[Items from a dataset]
>>>

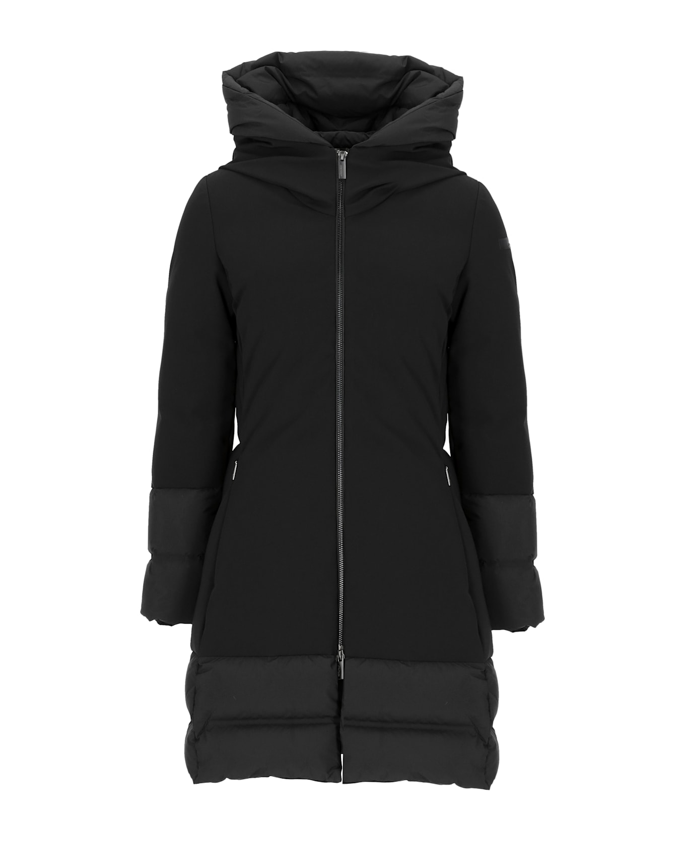 - RRD Roberto Ricci Design woman's black padded coat - Hood - Long sleeves with logoed patch at left sleeve - Front zip fastening - Two side zip pockets
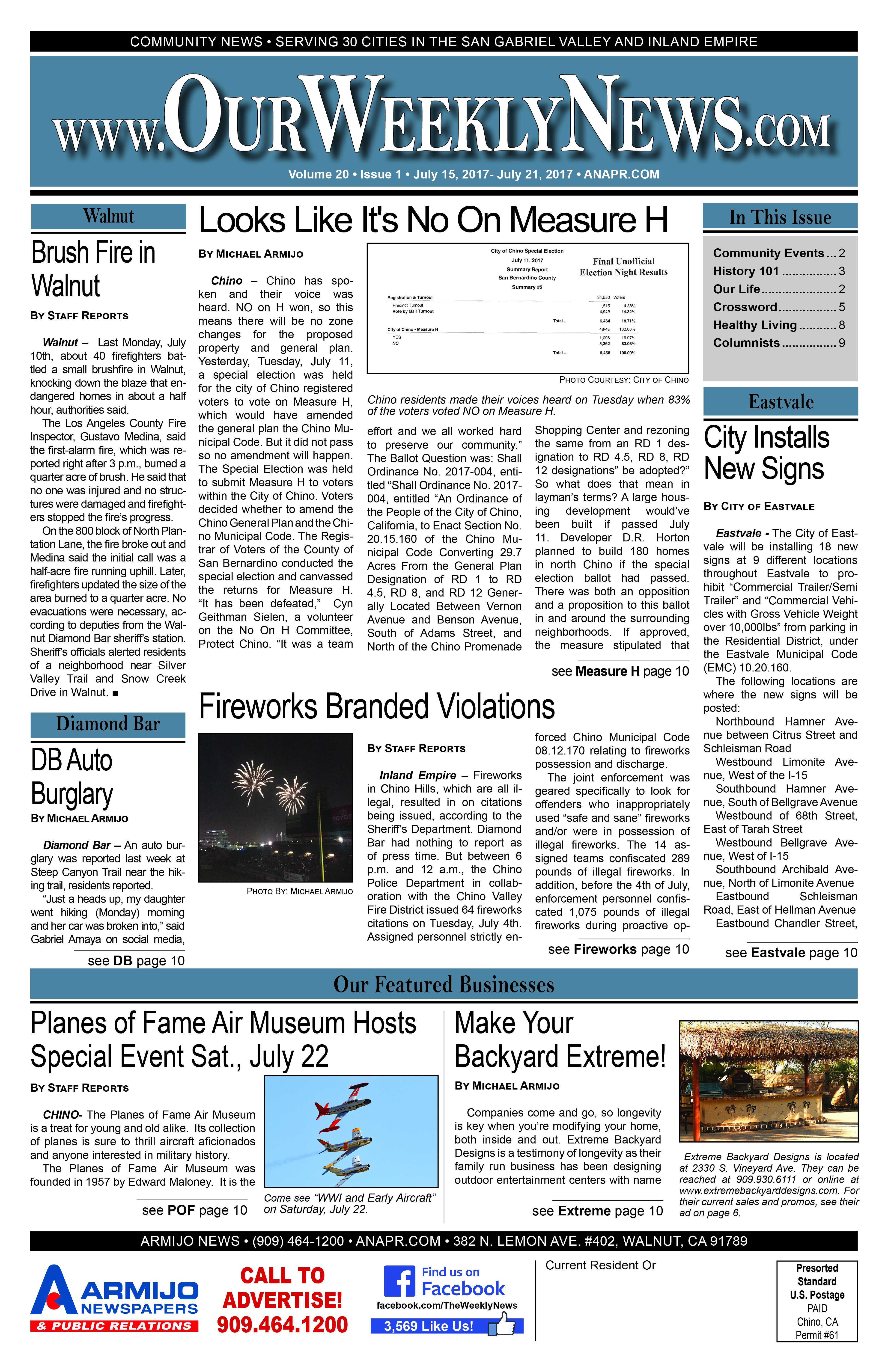 The Weekly News covers community news for Chino, Chino Hills, Diamond Bar, Walnut, Rowland Heights and surrounding areas of San Gabriel Valley and the Inland Empire.Click this link to access the complete issue in PDF format: OurWeekly.2017-07-15
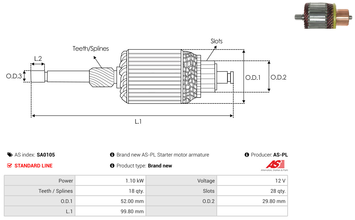 AS-PL Anker, Starter SA0105 Universal 12V 52,00mm für VW 03G911311F
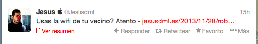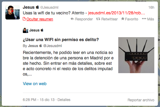 El resultado del mismo tuit con Twitter Cards, es visiblemente mejor. Por ejemplo, comparado con el twitt anterior de esta misma web, usando Twitter Cards:
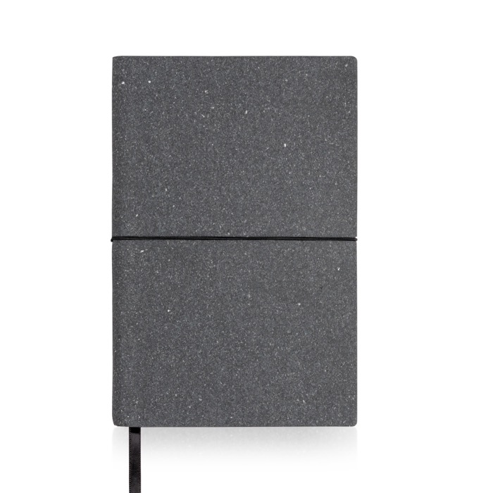 Ofereça um bloco de notas A5 com capa de pele reciclada, elástico tubular horizontal e 160 páginas pontilhadas. Qualidade e estilo num design exclusivo.
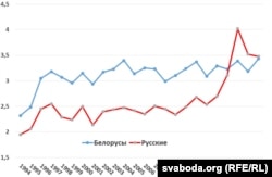 Параўнаньне з графікам 1 паказвае, што стаўленьне да беларусаў істотна пагоршылася ў параўнаньні зь велізарным пэрыядам назіраньняў за амаль чвэрць стагодзьдзя.
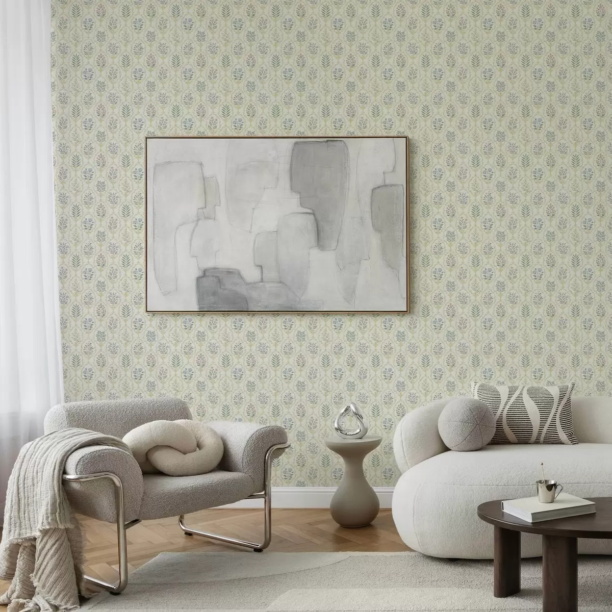 Papel pintado Medallones botánicos en celosía, tonos pastel Nr. a00579
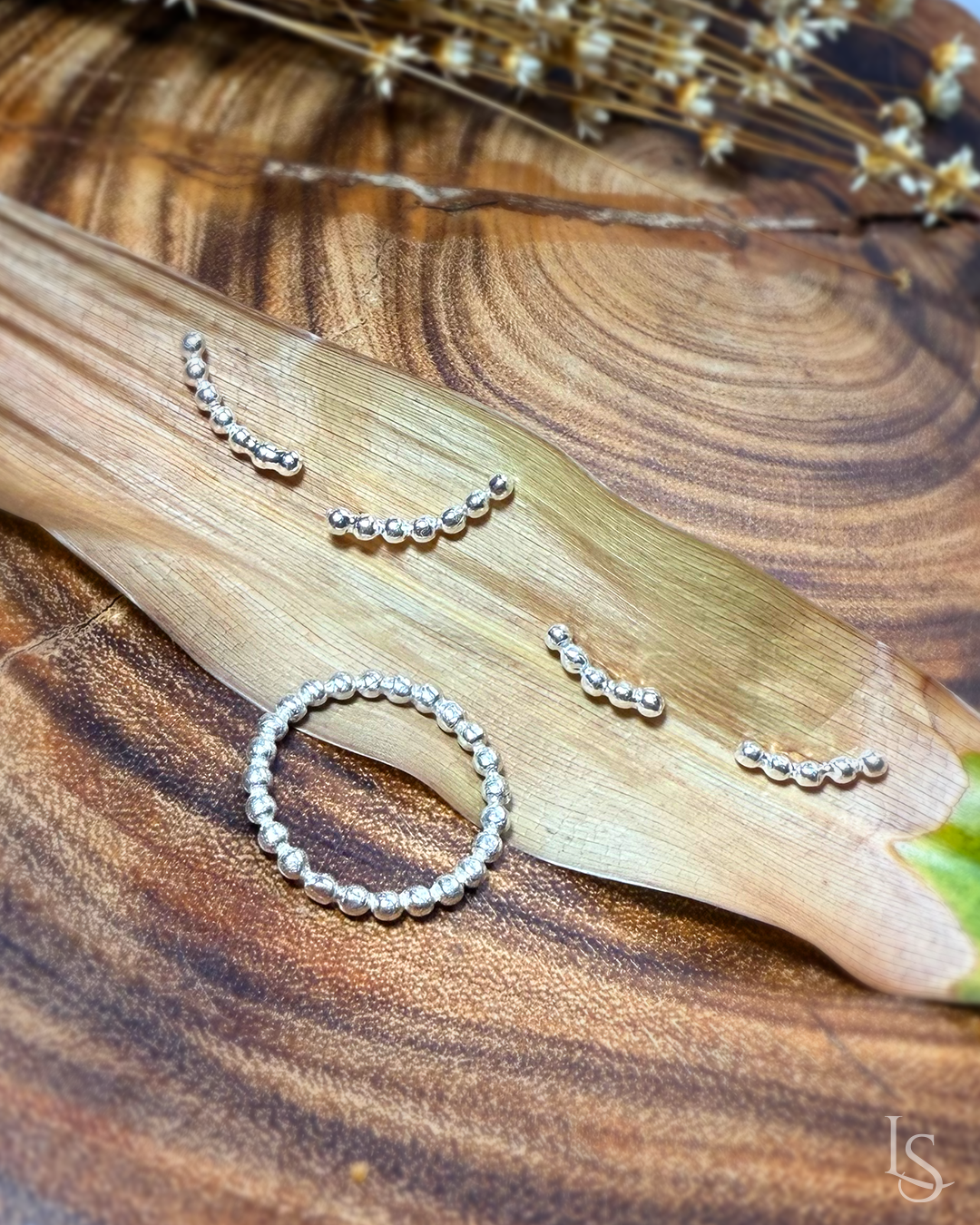 Brinco em prata 950, composto por 5 esferas, cada esfera se une à outra formando um movimento contínuo — como planetas que dançam em harmonia silenciosa.
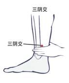 5、三阴交位于内踝上3寸,胫骨后缘凹陷中。用拇指或中指、食指的罗纹面着力,稍用力按揉。
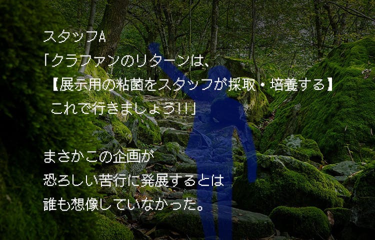 紡ネンを動物園に展示する際に、ネンの行動とリアル粘菌の行動をリンクさせようと考えています。そのため、そこで展示するためのリアル粘菌を採取するために運営スタッフが山に入り、粘菌を採取します。
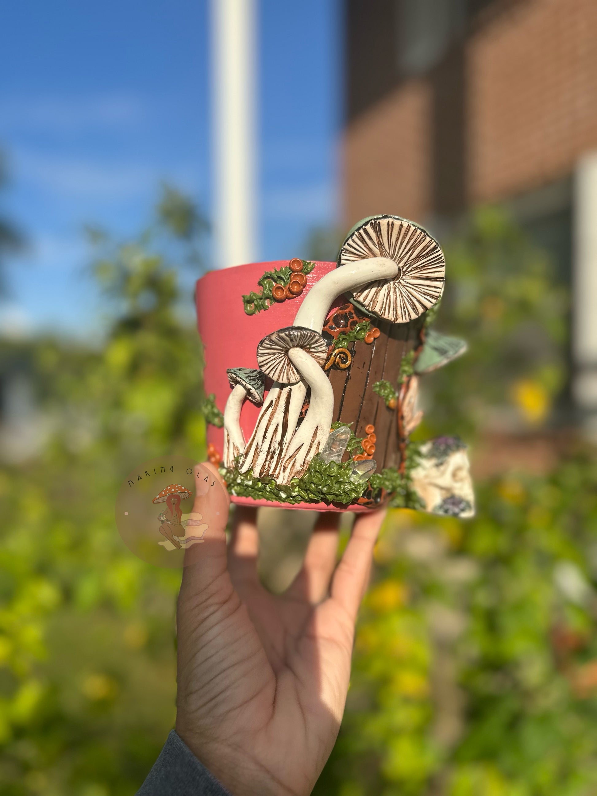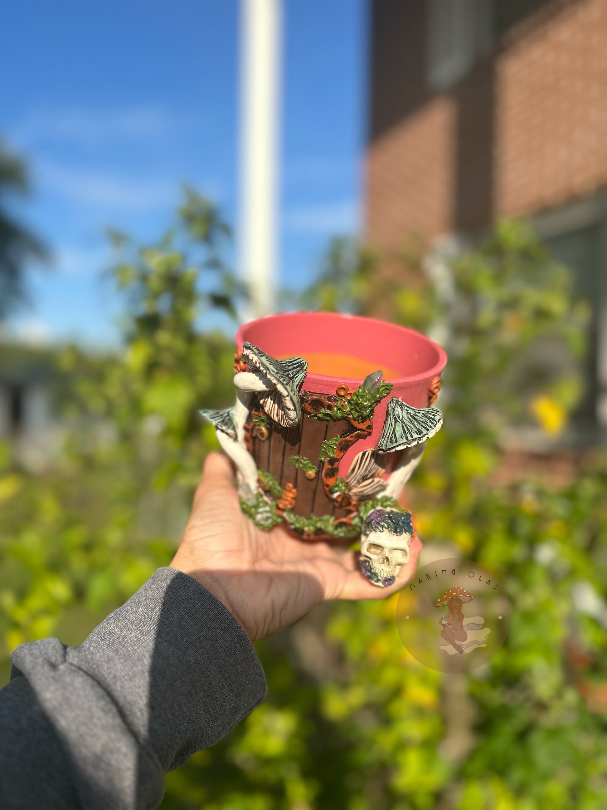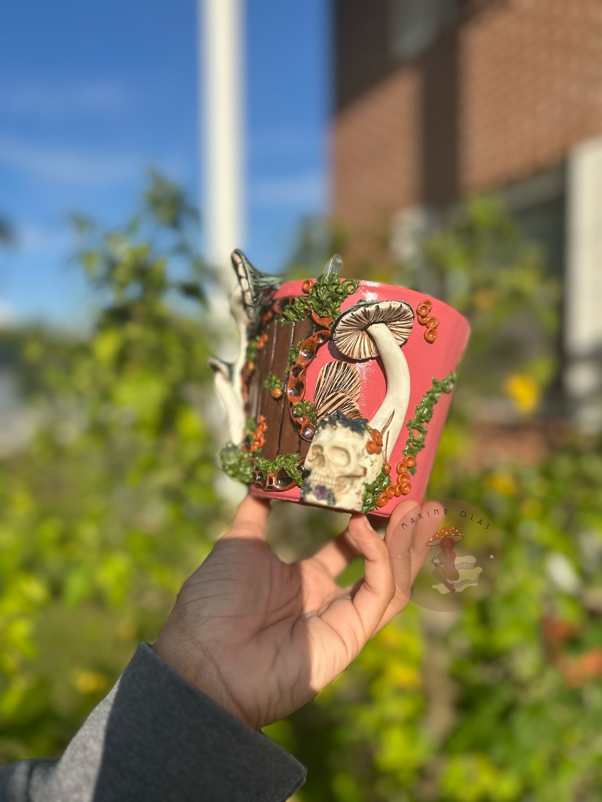 Plant Pot | 4” tall Fairy House with light Jade Mushies Quartz + skull
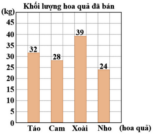 Quan sát biểu đồ sau:Tổng khối lượng táo và xoài nhiều hơn tổng khối lượng cam và nho là
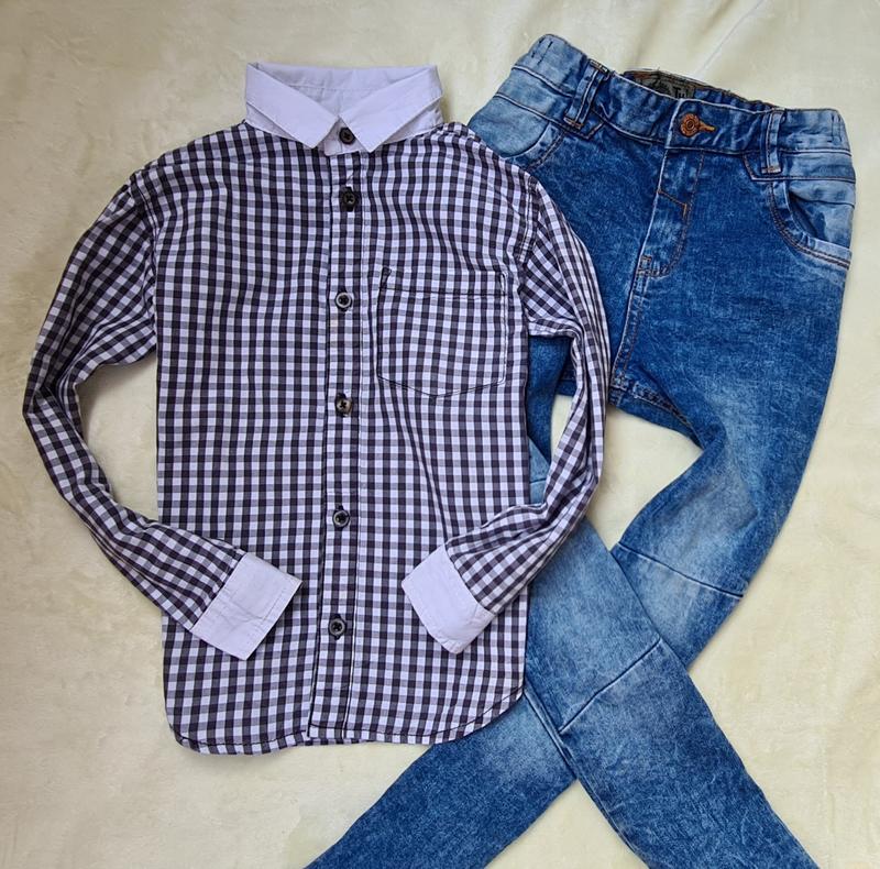 Модная рубашка в клетку с белым роликом и манжетами. Состояние идеальное. Смотриться шикарно. Замеры: длина - 44 ПОГ - 33 Рукав от воротника - 47
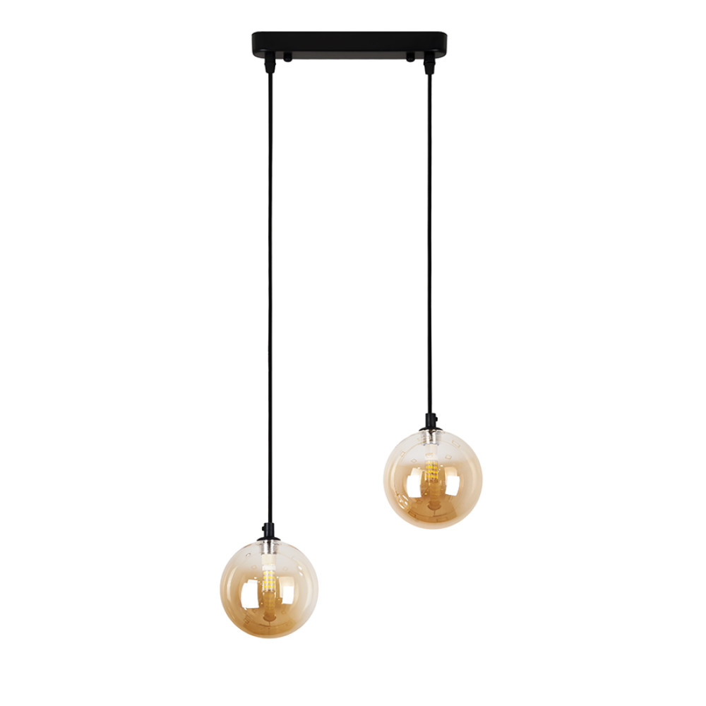 Підвісний світильник (люстра) на дві лампи в сучасному стилі зі скляними плафонами сферичної форми.
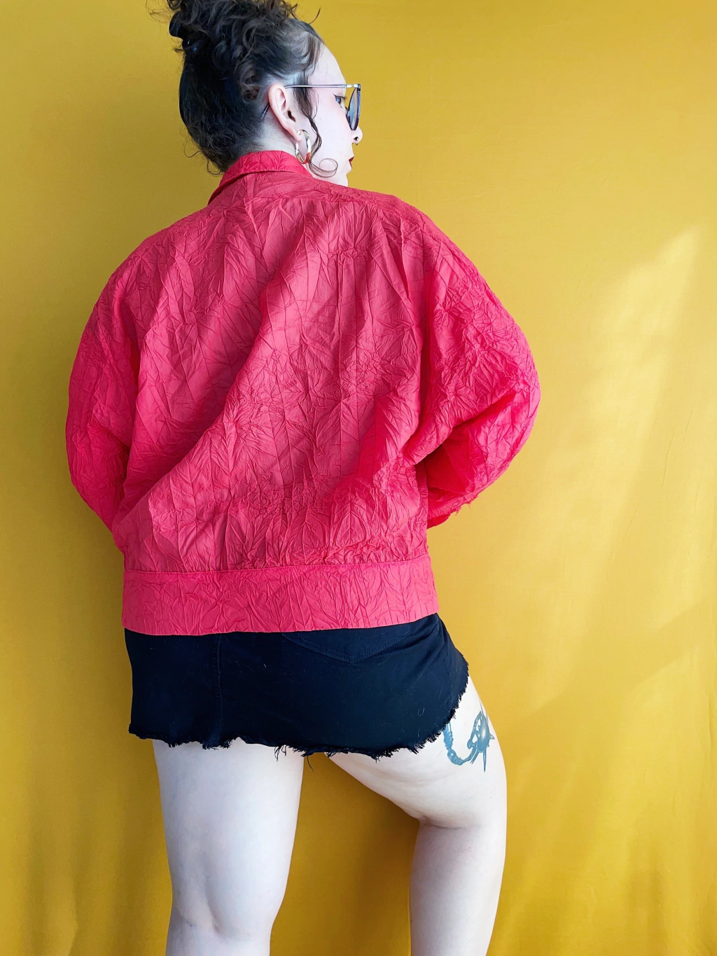 Peça vintage, produzida em tecido sintético levemente translúcido, não possui forro, modelagem tipo bomber jacket, os botões são de pressão e a cor está perfeita, muito confortável e ótima para dias mais amenos.

<<<

▶ **ABOUT THIS TASK**
Please set down only the lines from the first line of the records above through the line that has "Ofereça um bloco", exactly, and not the pictures.

▶ **WRITTEN RESPONSE**
 - RRD Roberto Ricci Design woman's black padded coat - Hood - Long sleeves with logoed patch at left sleeve - Front zip fastening - Two side zip pockets
 The Weekly News covers community news for Chino, Chino Hills, Diamond Bar, Walnut, Rowland Heights and surrounding areas of San Gabriel Valley and the Inland Empire.Click this link to access the complete issue in PDF format: OurWeekly.2017-07-15
 AS-PL Anker, Starter SA0105 Universal 12V 52,00mm für VW 03G911311F
 El resultado del mismo tuit con Twitter Cards, es visiblemente mejor. Por ejemplo, comparado con el twitt anterior de esta misma web, usando Twitter Cards:
 Ofereça um bloco de notas A5 com capa de pele reciclada, elástico tubular horizontal e 160 páginas pontilhadas. Qualidade e estilo num design exclusivo.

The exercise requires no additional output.